▸ The problem: Starting with the line below that holds "夏の外出用の女性用ファッショ" and stopping after the line that holds "(260226) — AMMAN, Feb.", transcribe the lines exactly, leaving out all pictures.

▸ Exercise data:
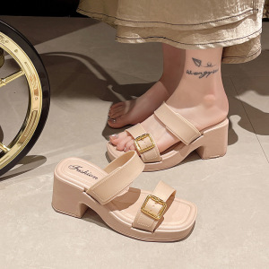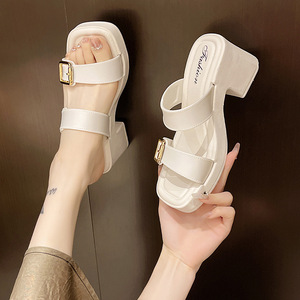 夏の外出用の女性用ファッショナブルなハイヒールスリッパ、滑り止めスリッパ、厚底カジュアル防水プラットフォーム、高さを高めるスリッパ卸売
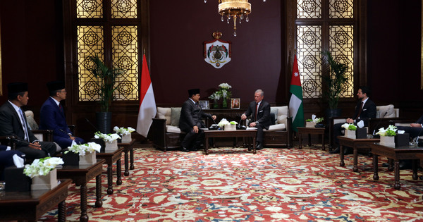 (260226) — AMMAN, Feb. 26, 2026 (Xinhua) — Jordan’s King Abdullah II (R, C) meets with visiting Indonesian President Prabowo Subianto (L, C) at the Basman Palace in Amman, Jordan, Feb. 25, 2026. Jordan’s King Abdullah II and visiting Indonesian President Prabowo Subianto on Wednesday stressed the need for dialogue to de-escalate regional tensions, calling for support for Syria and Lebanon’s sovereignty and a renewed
==
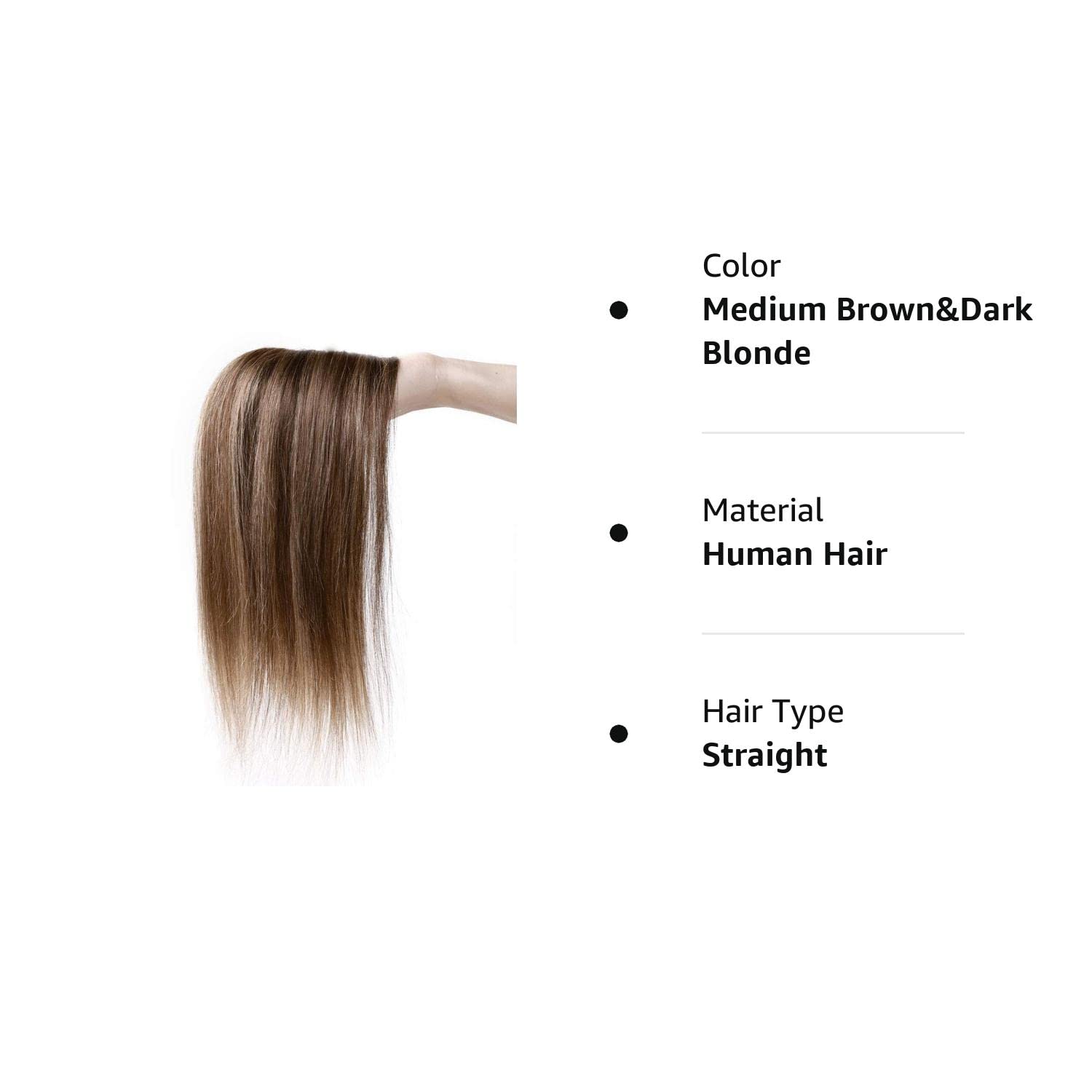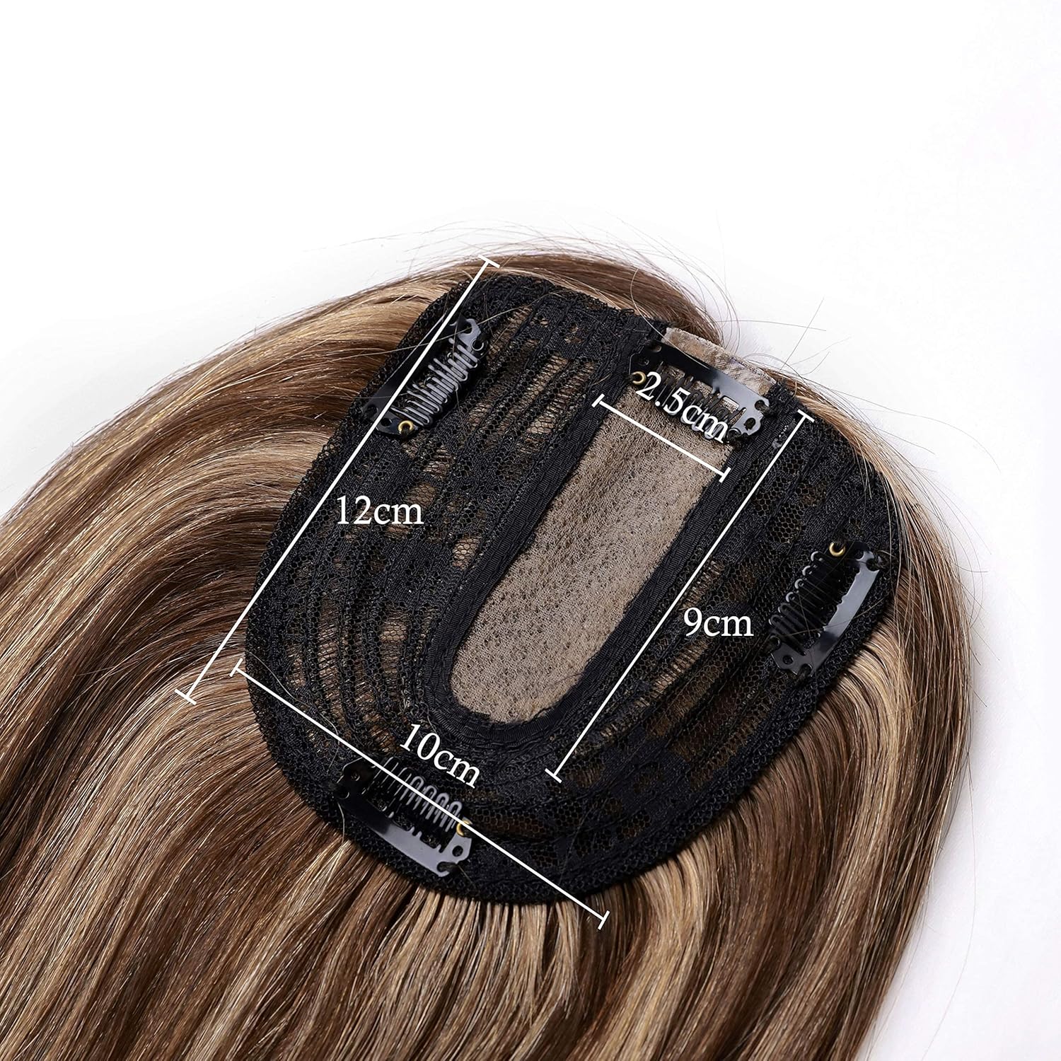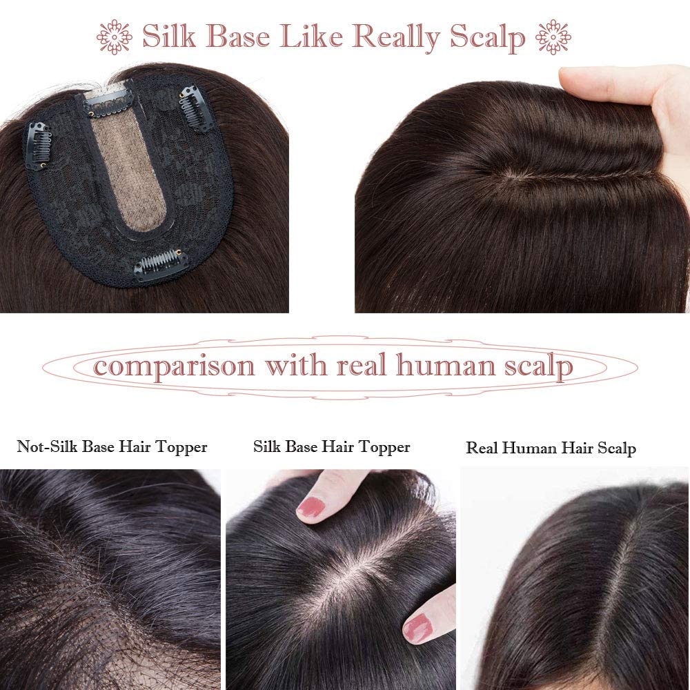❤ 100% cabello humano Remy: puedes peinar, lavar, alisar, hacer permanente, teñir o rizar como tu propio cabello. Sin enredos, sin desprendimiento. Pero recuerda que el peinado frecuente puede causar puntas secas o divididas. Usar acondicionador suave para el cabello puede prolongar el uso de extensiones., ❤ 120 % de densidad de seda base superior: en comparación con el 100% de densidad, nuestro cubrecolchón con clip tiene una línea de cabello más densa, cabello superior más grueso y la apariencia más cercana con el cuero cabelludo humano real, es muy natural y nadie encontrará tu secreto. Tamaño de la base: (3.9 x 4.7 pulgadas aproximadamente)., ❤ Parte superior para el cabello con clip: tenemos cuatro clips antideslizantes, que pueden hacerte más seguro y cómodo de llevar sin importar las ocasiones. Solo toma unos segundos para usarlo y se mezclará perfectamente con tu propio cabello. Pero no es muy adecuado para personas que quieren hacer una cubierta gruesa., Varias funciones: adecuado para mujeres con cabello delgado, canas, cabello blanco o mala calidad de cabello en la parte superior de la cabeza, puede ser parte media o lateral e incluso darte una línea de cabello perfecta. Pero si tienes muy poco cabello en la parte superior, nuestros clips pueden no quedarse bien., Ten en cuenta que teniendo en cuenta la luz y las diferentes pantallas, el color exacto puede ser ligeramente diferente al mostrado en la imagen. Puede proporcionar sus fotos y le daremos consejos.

▸ Answer for this exercise:
 夏の外出用の女性用ファッショナブルなハイヒールスリッパ、滑り止めスリッパ、厚底カジュアル防水プラットフォーム、高さを高めるスリッパ卸売
 (260226) — AMMAN, Feb. 26, 2026 (Xinhua) — Jordan’s King Abdullah II (R, C) meets with visiting Indonesian President Prabowo Subianto (L, C) at the Basman Palace in Amman, Jordan, Feb. 25, 2026. Jordan’s King Abdullah II and visiting Indonesian President Prabowo Subianto on Wednesday stressed the need for dialogue to de-escalate regional tensions, calling for support for Syria and Lebanon’s sovereignty and a renewed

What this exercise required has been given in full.